Pooled bounds on the average causal effect of alcohol consumption during pregnancy on offspring attention deficit-hyperactivity disorder symptoms under different exposure definitions, with inverse probability weighting to account for residual confounding. A shows bounds on the average causal effect of any alcohol consumption compared with no alcohol consumption during pregnancy, in a pseudo-population inverse probability weighted for 10 principal components. B shows bounds on the average causal effect of light alcohol consumption (≤32 g/week) in a pseudo-population inverse probability weighted for 10 principal components.

DISCUSSION

Methods for combining bounds generated using MR in different studies have not been clearly established.
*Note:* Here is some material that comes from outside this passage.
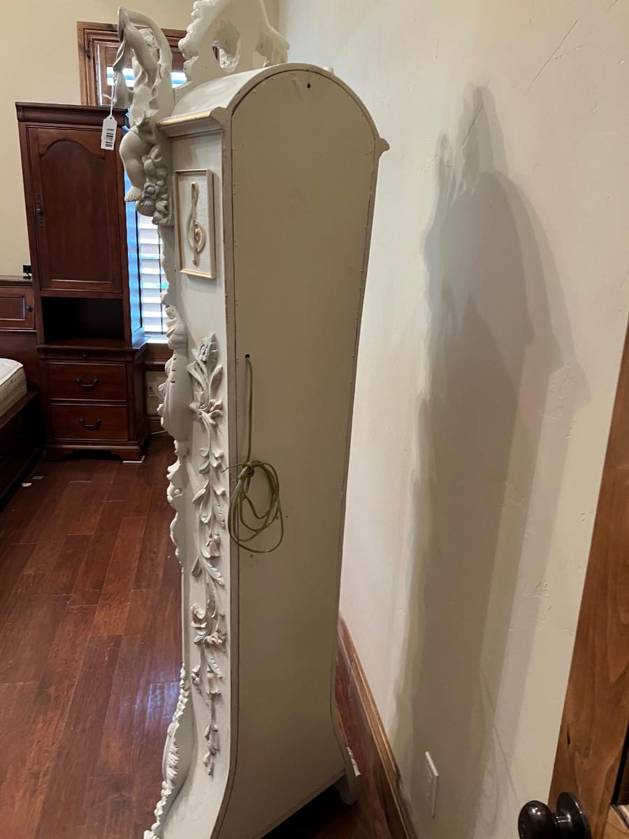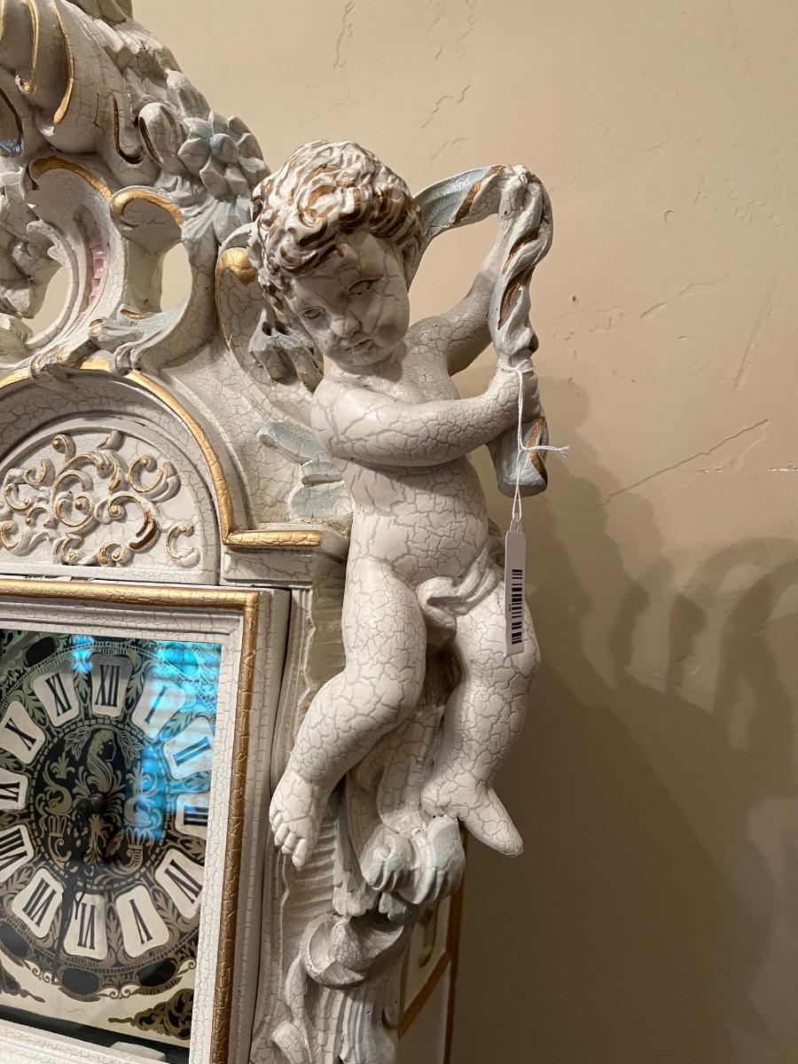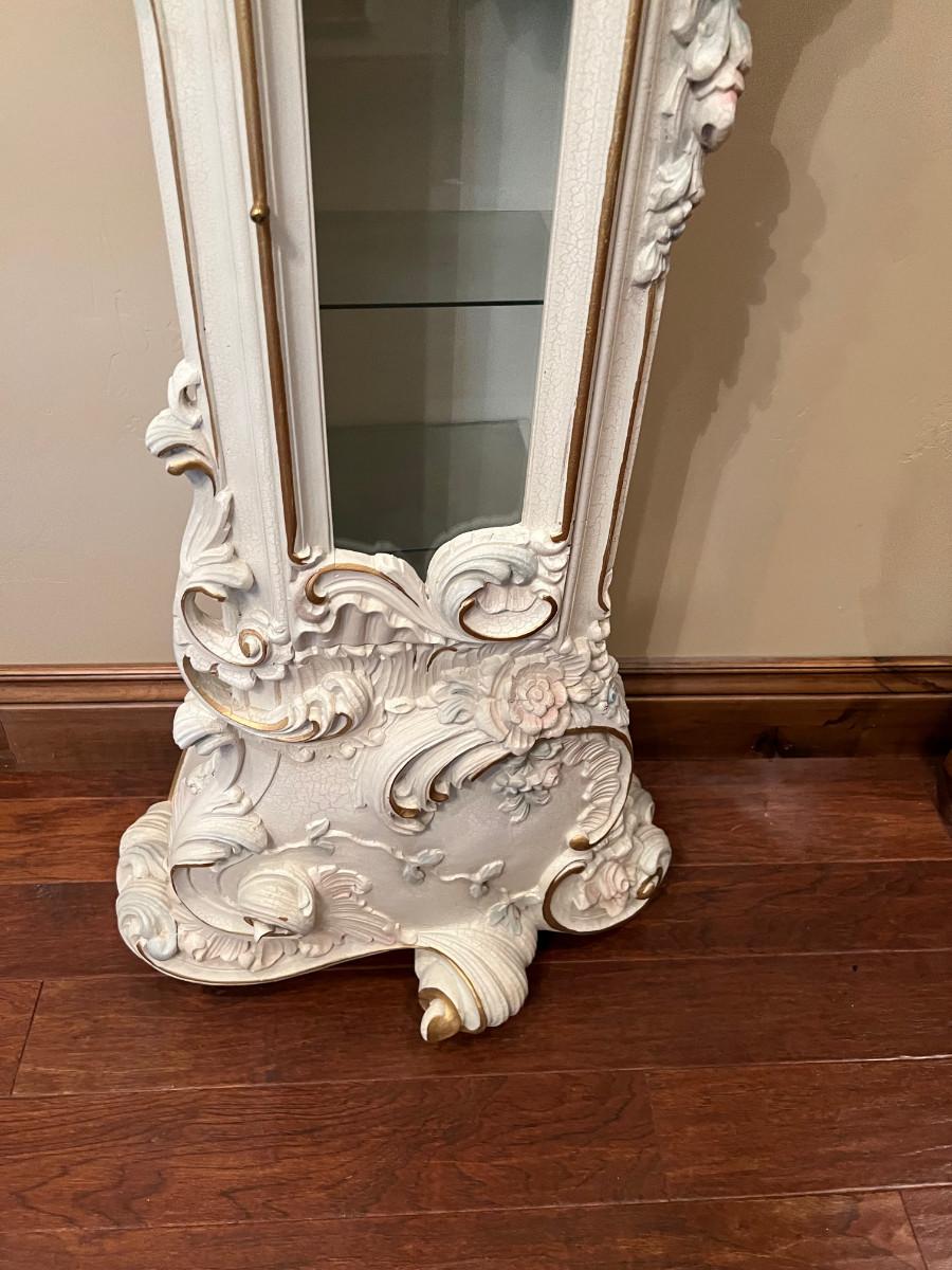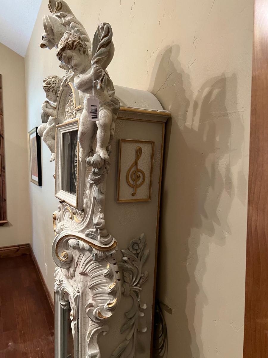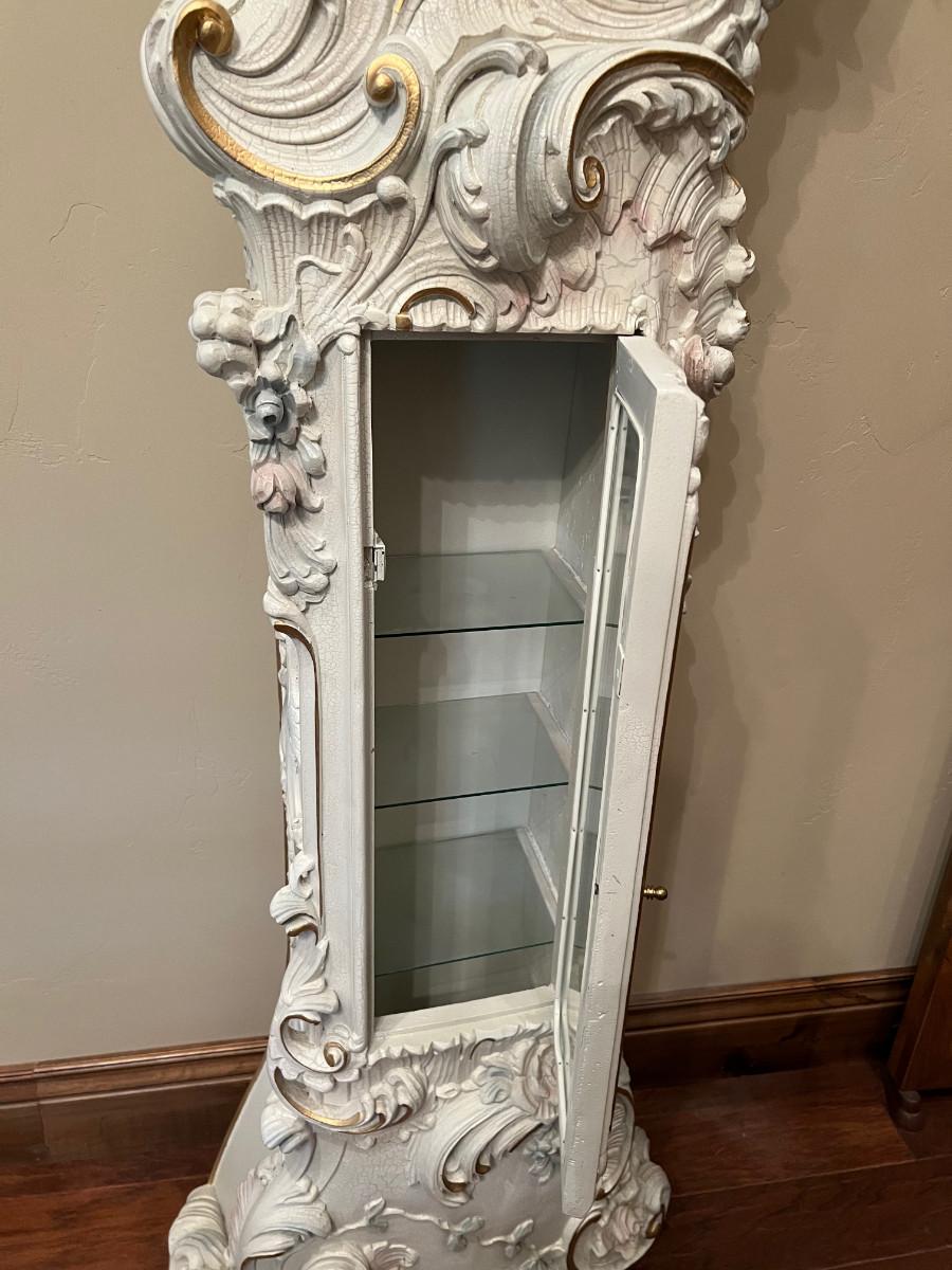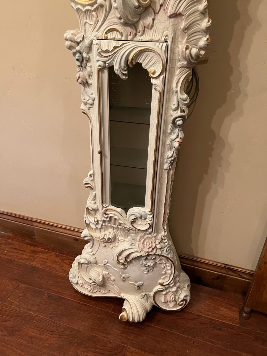 Distressed crackle paint, cherubs and scrolly accents. electric clock needs new plug. 80" tall, 20" wide 13" deep. Also has curio shelves.

Here, we demonstrate a straightforward approach for pooling MR bounds calculated in different cohorts with available individual-level data and clarify the assumptions necessary to perform such an analysis. Not only does this pooling procedure provide a method for synthesizing results from MR bounds analyses in multiple cohorts, it also will necessarily produce bounds that are equal in length or narrower than bounds computed in each cohort separately. In fact, because the narrowness of a set intersection bound depends both on the size of the bounds being pooled and their position relative to one another, pooling theoretically can yield substantially narrower bounds even when the bounds from each study population are fairly wide.⁵

As with any causal inference, it is critical to clearly define the population of interest. The ambiguity that results from an ill-defined population is compounded when we consider pooling data across studies.^4,27 It is common to imagine study populations as being drawn from an infinite super-population of individuals meeting particular eligibility criteria, and to aim to extend inferences to that infinite super-population. For the current application, one could argue that we are interested in the effect of alcohol consumption during pregnancy on offspring ADHD among all women of western European ancestry living in western Europe who have become pregnant since the beginning of study recruitment, or will ever become pregnant in the future, a population that is effectively infinite. However, the idea that study populations were randomly sampled from such an infinite super-population is a fiction.^18,28 Within our application, each study population was restricted to a particular country, and, like all studies, were restricted to particular time periods. Beyond this, previous research has found that participants in cohort studies differ from nonparticipants in meaningful ways.^29–32

How then, are we able to justify using these study-specific data and results to bound a population average causal effect? One answer is that these pooling methods rely on an assumption of no effect modification of the exposure–outcome relation by study S on the relevant scale (here, additive). In practice, even if each study population was not a true random sample of the super-population, this assumption would hold if S was not related to either the outcome or any effect measure modifiers of the exposure–outcome relation. However, if the distribution of modifiers differed in different cohorts, this assumption would be violated. This is because the average causal effect in the super-population would be a weighted average of the effect within strata of the modifiers, with weights based on the distribution of modifiers in the super-population. Meanwhile, the pooled bounds we computed are based on the distribution of modifiers present within each cohort. If study populations differed in the distribution of an effect modifier from the super-population, then the average causal effect would not necessarily lie within the intersection or union or study-specific bounds.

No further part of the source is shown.